[Swift-devel] several alternatives to design the data management system for Swift on SuperComputers
Ioan Raicu
iraicu at cs.uchicago.edu
Mon Dec 1 16:33:33 CST 2008
Hi,
I can see option (1) working as long as there is 1 Swift client and 1
Falkon service. For example, our current deployment on the BG/P would
not work, as we have 1 Swift to *many *Falkon services. Now, even the
1-1 Swift-Falkon ratio won't work today, as the Falkon provider is not
data-aware yet... but could be updated, maybe a few days of coding and
testing; the harder part (IMO) will be making sure that the Swift data
management doesn't interfere with the Falkon data management, and vice
versa.
Option (3) and (4), we have discussed before.

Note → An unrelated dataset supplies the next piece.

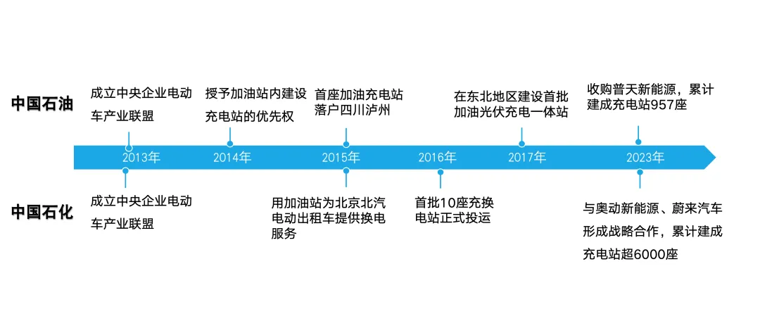 2014年,中国石油授予中国资源交通集团在广东、河南近2000座加油站内建设充电站优先权;2015年,油电综合能源站落户四川泸州,可同时为30辆电动汽车提供充电服务;2017年,与普天新能源、大连普达新能源启动合作,在东北地区建设首批加油光伏充电一体站。2015年,中国石化与北汽新能源携手,在北京试运行了第一座充电站,并着手利用加油站为北汽电动出租车提供换电服务;2016年,首批10座充换电站正式投入使用。

The trick with these are
making things general and transparent enough that it works, and works
well. Getting a Torus aggregate throughput to exceed 8GB/s shouldn't be
that hard, with probably a fraction of the machine (several racks). Any
word on the latest numbers of the improved GPFS, which is supposed to
upgrade the number of servers from 8 or 16 up to 100+? With linear
scalability, that would mean 80GB/s, the peak of the SAN throughputs I
saw a while back in some slides from an ALCF talk. For us to get 80GB/s
using CIO, we'd need 2MB/s per node. I bet we can easily achieve that,
but it would probably be at the larger scales of 10s of racks. I recall
getting 100MB/s+ per node, right? This would give us a theoretical
upper bound of 4000GB/s, so in theory, there is plenty of room between
80GB/s and 4000GB/s. I bet in practice, we'd only get a small fraction
of that 4000GB/s, but it would be interesting how much we can really get
without thinking of the network topology, and also how far we can get if
we do take the network topology into consideration.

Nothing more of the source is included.